Guidelines for vision screening revised

Article

New evidence-based guidelines update recommendations for automated vision screening to detect amblyopia and other eye abnormalities in children before they can read traditional eye charts.

New evidence-based guidelines update recommendations for automated vision screening to detect amblyopia and other eye abnormalities in children before they can read traditional eye charts.

The Vision Screening Committee of the American Association for Pediatric Ophthalmology and Strabismus (AAPOS) examined new data on automated vision screening technologies developed since its original guidelines were released in 2003. The updated guidelines help to differentiate very young children who are most at risk for amblyopia from those who are not.

Recommendations include separate screening criteria for toddlers aged 12 to 20 months, early preschool children aged 31 to 48 months, late preschool and kindergarten children aged 49 to 72 months, and those aged older than 72 months. Children who can read linear letters have the option of traditional optotype recognition for screening.

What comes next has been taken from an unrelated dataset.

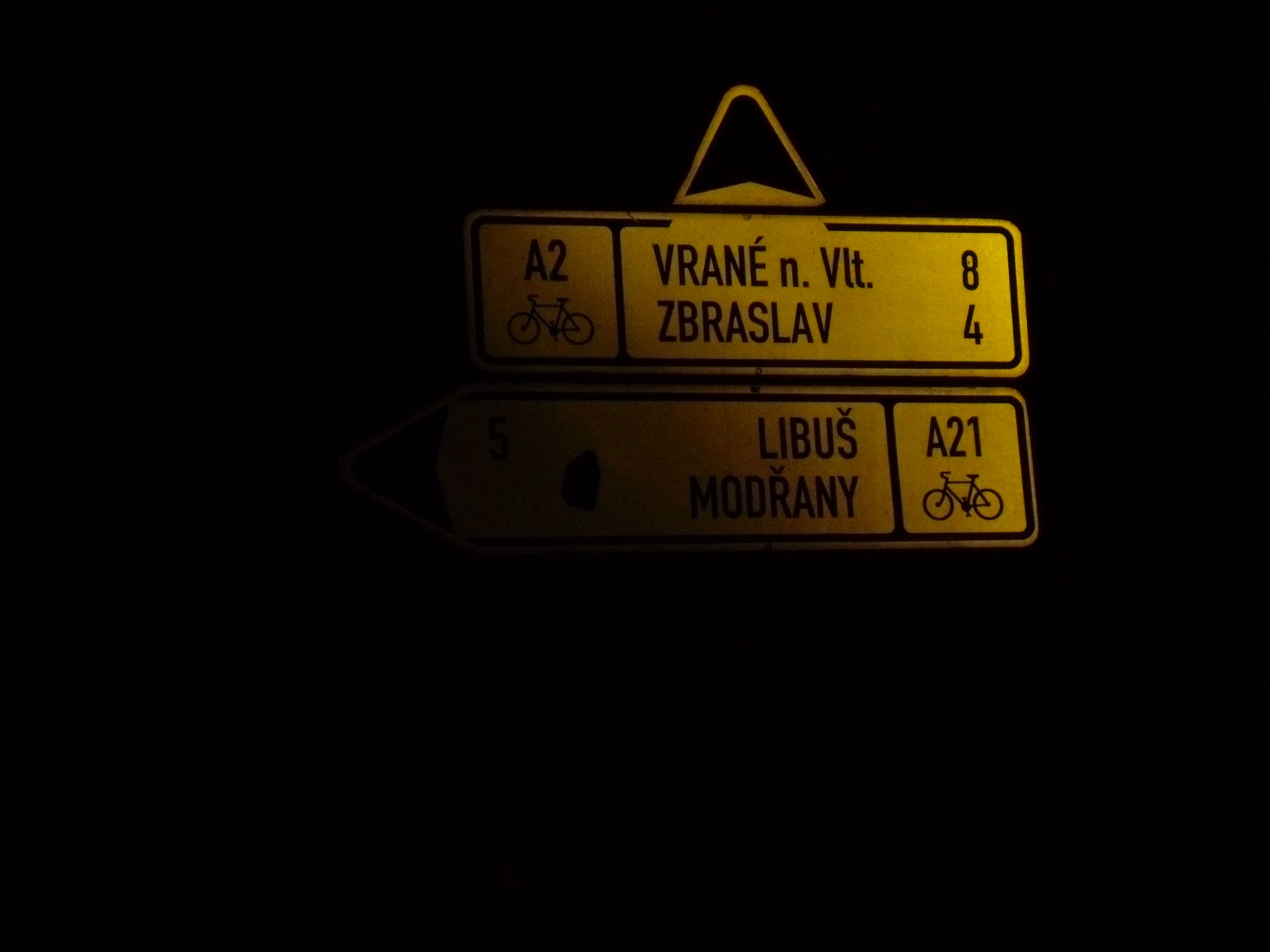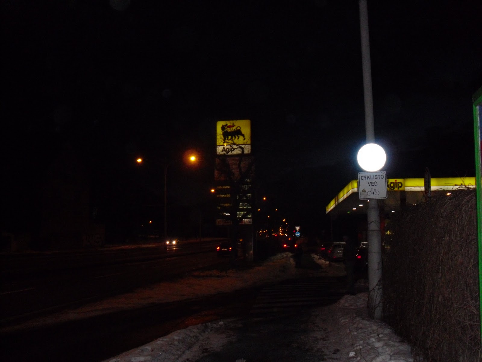 Za “Agipkou” jsem pokračoval po neupravené stezce dál k Modřanům po Pobřežní cestě. Dostáváte se na stezku, kde zpočátku svítí lampy kolem, ale díky stromům je tu mnohem větší tma a lampy stezku přestanou po chvilce kolovat. Párkrát se ještě vrátí, aby Vám svítily hezky na cestu, ale po čase se zcela vytratí. Silnice je od Vás hodně vlevo a za chvíli o ní ani nevíte.

The guidelines also establish a lower referral rate for amblyopia by raising threshold values and include detection of significant media opacities and manifest (not intermittent) strabismus at all ages. Instruments that detect amblyopia should report results using the presence of amblyopia as the gold standard.

The committee notes that prevalence of amblyopia risk factors in preschool children is greater than previously suspected, and early detection is critical. The disease is treatable until the child is aged 60 months, although effectiveness of treatment declines.

The US Preventive Services Task Force has endorsed photoscreening for detecting amblyopia risk factors in children aged older than 36 months, however the American Academy of Pediatrics recently recommended photoscreening children beginning at age 1 year.